As much as Uganda has the right vision on oil to invest in the newly found oil resource into infrastructure and other types of domestic capital necessary for economic transformation, the implementation precedence is worrying - as recently noted by the Global integrity report, Uganda has the largest implementation Gap in the World. Implementation gap being the deviation between strategy and actual implementation. To be more specific, e.g. the concrete debt strategy aimed at addressing arrears (commitment of government beyond its planned budgets) among others has continued to be prevalent. Also to note in relation to this, is that on the fiscal side, Government of Uganda has become accustomed to use of supplementary budgets most of which are consumption oriented( refer to the budget performance report FY 2010/11 on the ministry of Finance website). Typical non-adherence to plans, budgets among others.

The oil sector is increasingly being politicized. The president often quoted as referring to oil as “MY OIL” spells concerns of running the oil management as his own. Recent cases of CHOGM, HABA case, fighter jets purchase, among others seem to have the president as the denominator. The recently submitted Petroleum Bill does not protect the independence of the Petroleum Authority. Although the Bill provides for the independence of the authority, it also empowers the Minister for Petroleum to give ‘policy directions’ to the Authority and requires compliance to those directions. The power of the Minister in this regard is not defined in the Bill and thus political interference is an obvious risk.

Lack of transparency and accountability: The process of the petroleum bills presented to parliament on the 12th of February 2012 (bills on the website- http://www.petroleum.go.ug/ ) was non-consultative enough- in fact no public consultation was carried out on the upstream or the middle stream bill. The legislation does not contain significant oversight of parliament in the overseeing these institutions.  Uganda is not yet a member of the EITI, and the bills in the current state don’t guarantee public disclosure of oil related information. Commercial confidentiality exist in these bills. The hasty signing of the oil contracts against the resolutions of parliament points to disregard of parliamentary oversight in the oil process. Lack of transparency exacerbates corruption. According to Transparency International, Uganda was ranked 80th least corrupt country in the world in 2001 but slipped to 127th out of 180 countries in 2010.

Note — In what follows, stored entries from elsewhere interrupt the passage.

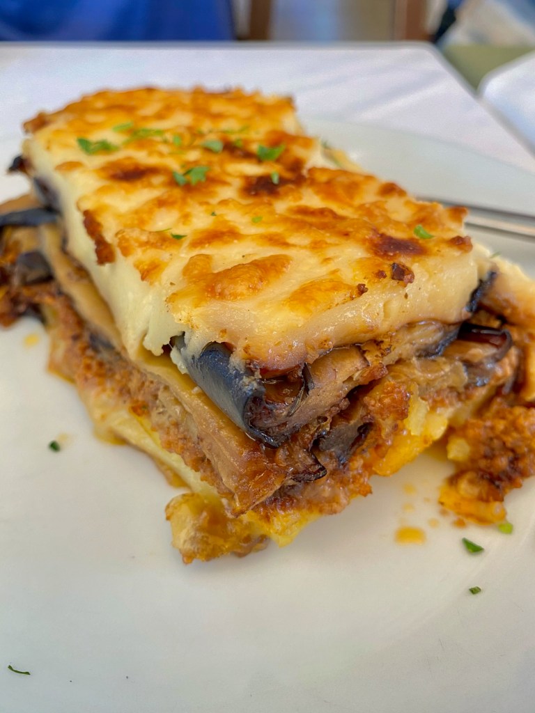 | Consejo: Uno de los restaurantes que recomiendo probar en Atenas es el restaurante Liondi ubicado a escasos metros de la entrada al museo de la Acrópolis. El precio es muy asequible y los platos típicos griegos están riquísimos. Y si hay por ahí algún vegano, el restaurante Veganaki es famoso no solo entre los veganos sino también entre el resto ya que tiene unos platos de lo más sabrosos y sin un gramo de carne. Un gran acierto sin duda, aunque el restaurante es muy pequeñito. La Mousaka de lenteja roja espectacular! |
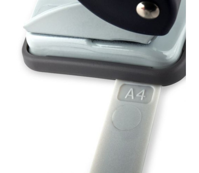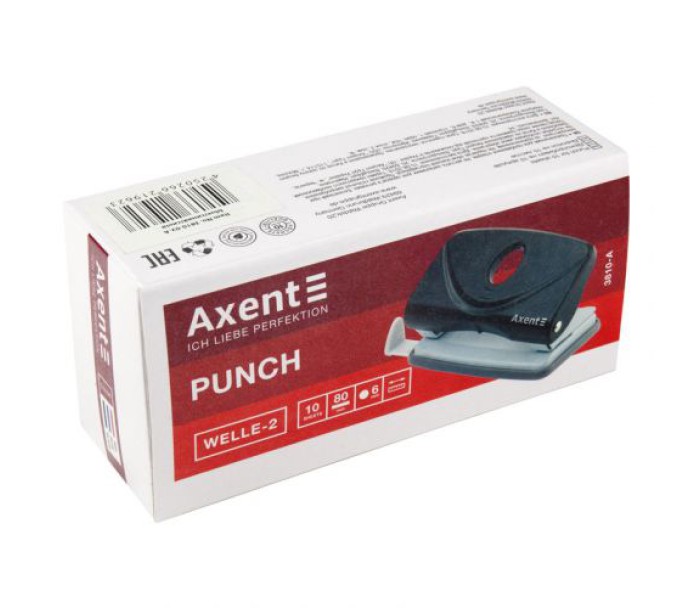 Діркопробивач Axent серії Welle-2 виділяється яскравим кольором і ергономічним дизайном рукоятки. Зроблений з якісного ABS-пластику - це сучасний матеріал міцний і легкий, не б'ється при падінні. Всі основні і робочі механізми - металеві, забезпечують надійну роботу діркопробивача. Леза довго залишаються гострими. Для зручності діркопробивач оснащений висувною обмежувальною лінійкою з точною шкалою форматів паперу (А3, А4, А5). Висувна лінійка необхідна для позиціонування аркушів паперу, які вставляються в діркопробивач, і дозволяє завжди отримувати точний результат і однакові стоси підшитих документів зі співпадаючими отворами. Знімний резервуар для конфетті відкривається м'яко. Прогумована підошва запобігає ковзанню діркопробивача по поверхні. Діаметр отвору 6 мм, відстань між пробитими отворами 80 мм.
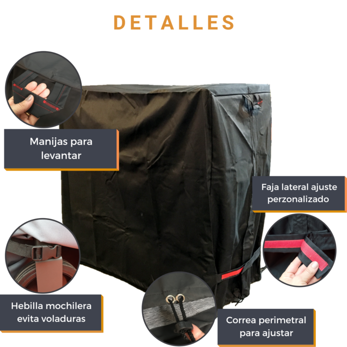 EXCELENTE FIJACIONES Y AJUSTE: incluye características únicas como un CORDON CON TANCA de ajuste en la base para una fijación adecuada a la parrilla y además gracias al gancho OneClick (HEBILLA MOCHILERA) no tenés que preocuparte más de que tu funda se vuele con el viento. Adicionalmente nuestro diseño exclusivo incorpora TIRAS DE SUJECIÓN en la base para un ajuste perfecto de tu funda CoverAll® a las condiciones climáticas más extremas.
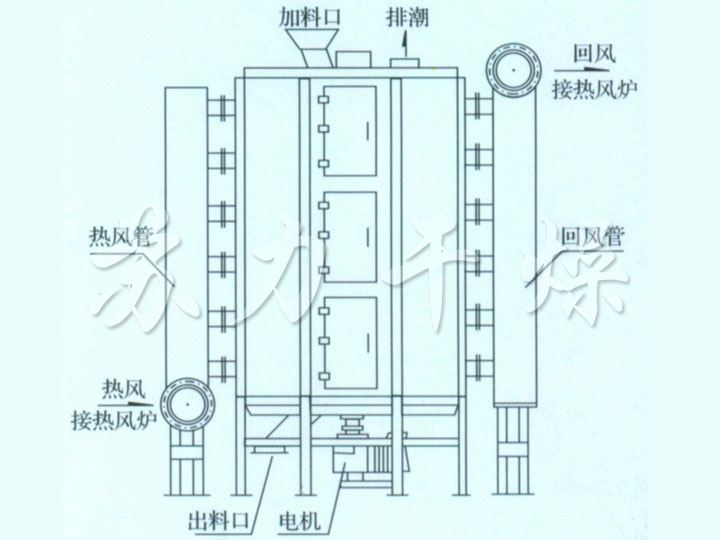 ◎常壓型:由于設備內(nèi)氣流速度低,而且設備內(nèi)濕度分布上高下低,粉塵很難浮到設備頂部,所以頂部排濕口排出的尾氣中幾乎不含有粉塵。
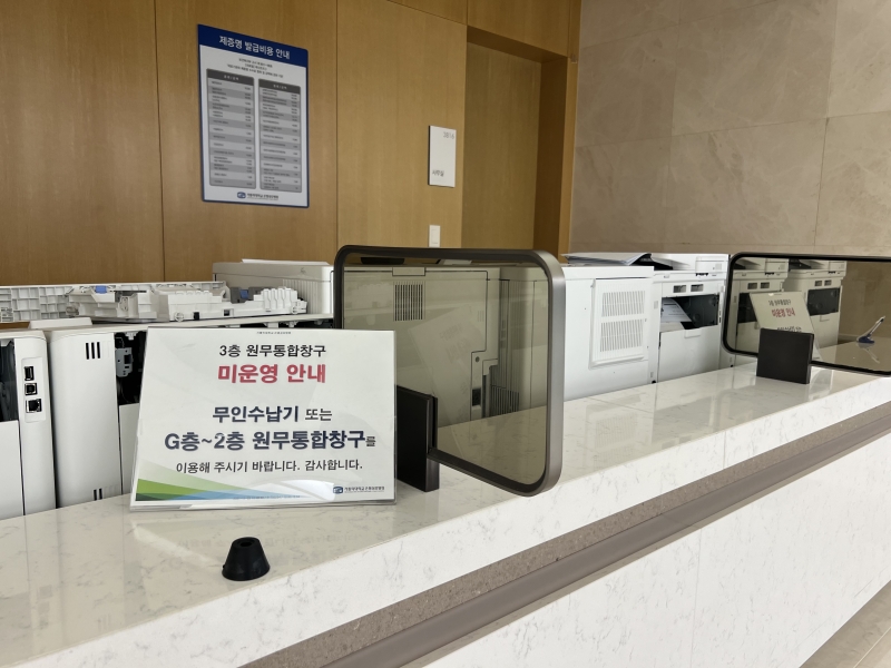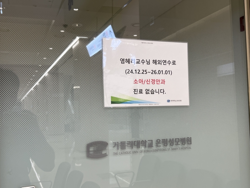 일부 구역은 일정에 따라 휴진 및 미운영 공지가 부착돼 있다. 소아안과는 "염혜리 교수 해외연수로 2024년 12월 25일부터 2026년 1월 1일까지 진료 없음" 이라는 안내문이 부착돼 있다. 또 3층 원무통합창구는 현재 미운영 중으로 병원 측은 G층~2층 원무창구 또는 무인 수납기를 이용해 달라는 별도 안내를 내걸었다.
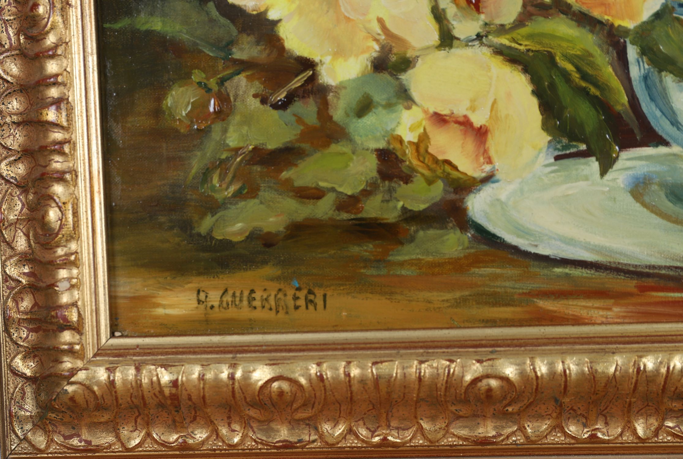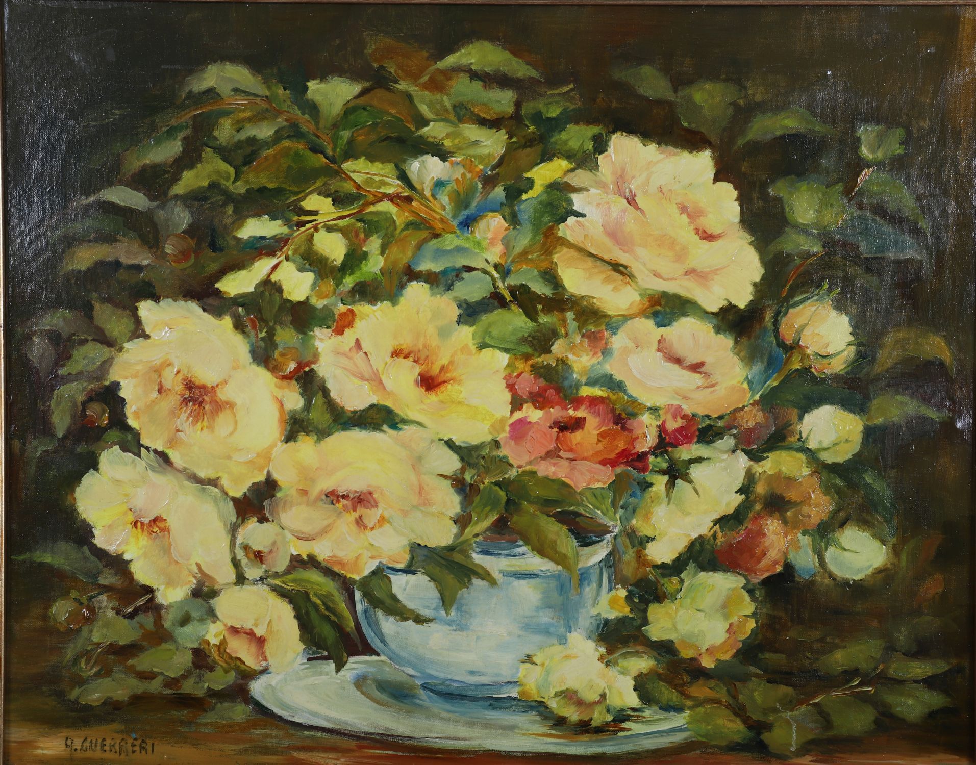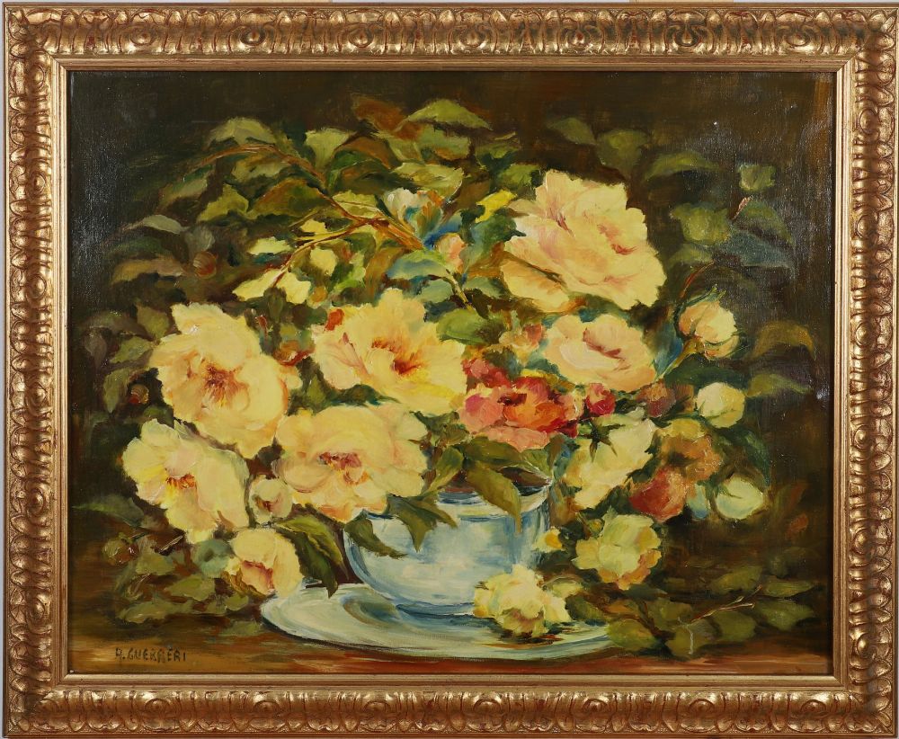 Oil on canvas depicting a floral arrangement of yellow and red roses in a bowl on a table. Housed in gilt frame.

Uganda’s credible economic growth levels of an average of about 7% has not translated in to inclusive growth but rather growth bound with social economic inequalities like regional inequality have continued to grow. Refer to the UNHS 2009/10. Economic forecasts seem to indicate that a country that grows at an average of 7%, should achieve middle income status in 10 years- using the 71 principle (71 divided by average growth rate gives the number of years required for transformation.) Oil undoubtedly will likely lead to high levels of growth but non-transformative growth is what we should expect if we are to project from historical paths.(Reference should be made to similar economies in Africa such as Equatorial Guinea, DRC , and Nigeria.)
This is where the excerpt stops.